As much as she loved my boyfriend, Victoria disliked me. Actually, it was more that she feared me, which made her mad at herself. I knew this not because she’d ever have admitted the truth, but because I’d read her mind. Erik and Penny were the two most dangerous Talents in the world currently, having been injected with so much of the Creation drug and so many different Talent Signatures. I was a distant third, at best. Nevertheless, Victoria considered me the largest threat. It bothered her how uncomfortable I made her, and for that she blamed me. She was a good, maybe even great, blocker. But the stress and fatigue that went with her job drilled holes in her mental walls, and I’d seen myself through her eyes.
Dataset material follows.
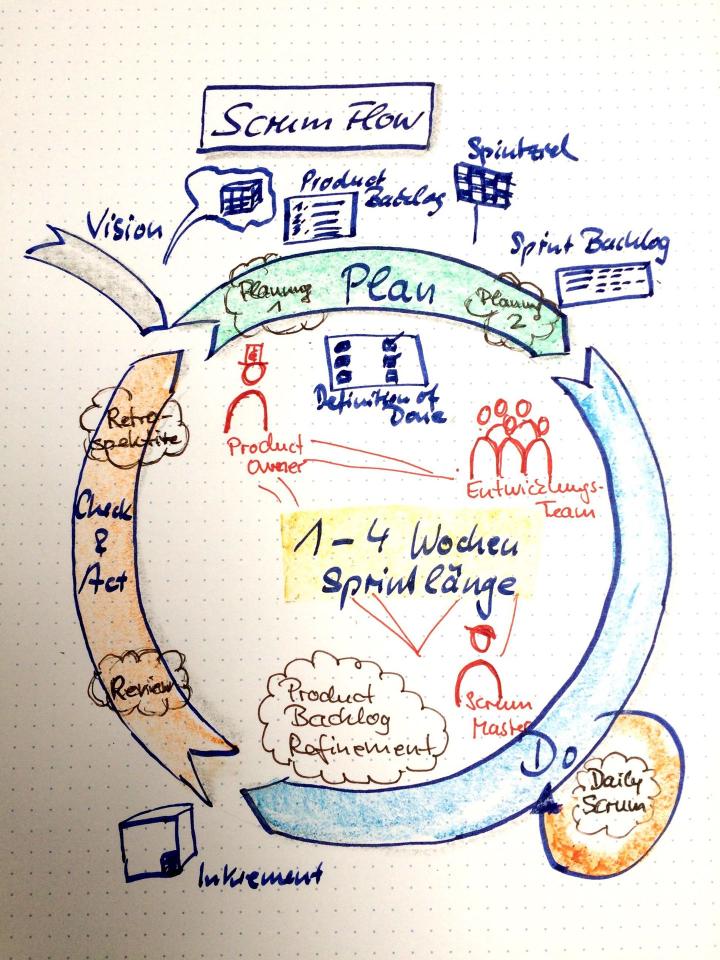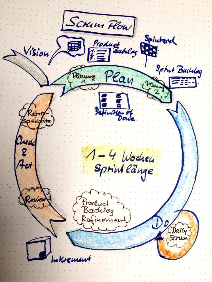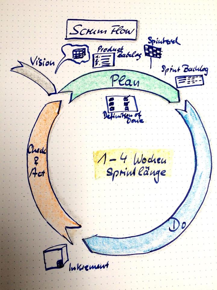 Die vier Phasen sind somit als kontinuierlicher Prozess der Verbesserung zu verstehen. In diesen PDCA-Zyklus werden Schritt für Schritt die Kernelemente von Scrum integriert. Als erstes wird die Besonderheit der relativ kurzen Sprintlänge verdeutlicht. Beginnend mit der Vision wird erklärt wie die Artefakte gedacht sind und in diesem Flow zusammen spielen:

Truthfully, I enjoyed how much the mere mention of my name irked the UNITED councilwoman. It gave me a heady sense of power. Still, I tried to stay off of her radar. I avoided interaction unless it was absolutely necessary, which was rare. There was a fine line between being powerful enough to be useful and so powerful that she had me contained. The latter was something I still feared. So I had to remain an asset.
“Fine,” Erik gave a tortured sigh, as if it had been eons since he’d seen me without my clothes, “Go shower alone. Later, though, you’re all mine.”
“Deal.”
After giving him one last lingering kiss, I headed to the bathroom.